Она остановилась точно перед Любой, встав на обрубок шеи и повернув мертвое, обваленное в чем-то коричневым, лицо прямо на маленькую женщину.
Теперь Люба заорала. Горло продрало до крови, но она орала пока у нее не кончался воздух. Но и тогда, набрав воздуха, она орала вновь и вновь.
12;14 – 12:21
Я замер в неудобной позиции.
Нечто острое иглой впилось в сонную артерию, не давая возможности повернуть головы.
– Ты кто? – спросили меня и я честно признался, что я это я – Коля Авдотьев. Обладатель иглы сказал, что я вру. Я вру? Этот человек плохо знает Николая Авдотьева, если предположил, что я могу врать. Я так ему и объяснил. У меня просто не было выбора, я попался и был, фигурально выражаясь, на крючке. Мне пришлось признаться перед незнакомцем.
К моему удивлению стоило мне закончить объяснения как нечто острое что кусало меня в шею убралось и это было для меня сигналом к тому, что я могу повернуться. Я так и сделал.

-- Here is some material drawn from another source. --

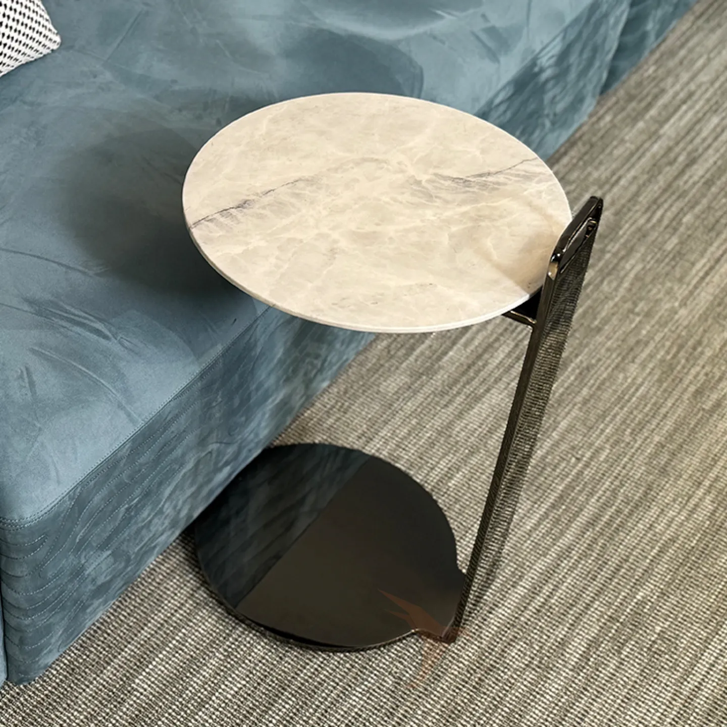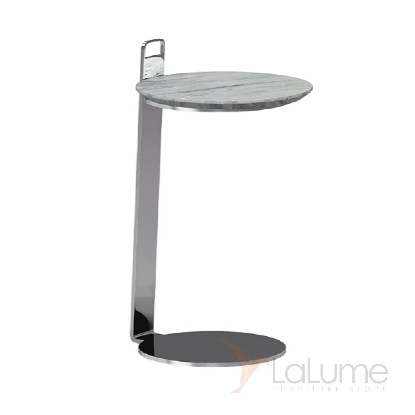 Компактный угловой столик с мраморной столешницей круглой формы и основанием из нержавеющей стали станет гармоничным дополнением к интерьеру. Его легко поставить рядом с креслом или диваном.

Таясь за станком ЧПУ на меня смотрел бледный израненный юноша, выпачканный кровью. В одной руке он держал маленькое сверло по дереву с острым кончиком, им-то он и колол меня в шею как иголкой. Не спуская с меня подозрительный взгляд синих глаз, другой рукой он поднес ко рту вареное куриное яйцо и надкусил половину. Запахло вареным желтком.
– Жрать захотелось, – признался он. – А я, знаешь-ли, иногда куриные ооциты варю в чайнике, а в их цитоплазме содержиться совокупность питательных веществ. Этот ооцит я еще два дня назад забыл достать, хорошо сварился.

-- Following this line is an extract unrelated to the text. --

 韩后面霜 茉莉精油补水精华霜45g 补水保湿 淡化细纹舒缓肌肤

– Лева? – спросил я, всматриваясь в молодого человека. – Лева Нилепин? Ты ли? Ты чего тут?
Молодой человек не ответил, он откусывал от яйца кусок за куском, пока, наконец не проглотил его до конца. Только после этого он убрал сверло в коробочку с другими сверлами из комплекта, используемого для станка. Движения его отдавались болью, отчетливо видимой на лице. Нилепин морщился и кряхтел.
– Спрячься сюда, – приказал он Авдотьеву и подвинулся чтобы я смог пристроится рядом. – В цеху опасно. Сел? Удобно? А теперь рассказывай, старик.
– Чего говорить-то?
– Не придуряйся. Мы тебя осенью похоронили, – Нилепин дотянулся до чайника и запил вареное яйцо прямо из носика, его кадык ходил вверх-вниз, вода струилась по подбородку. Потом он долго морщился и держался за живот. Чайник с грохотом упал. – Где ты был, Коля?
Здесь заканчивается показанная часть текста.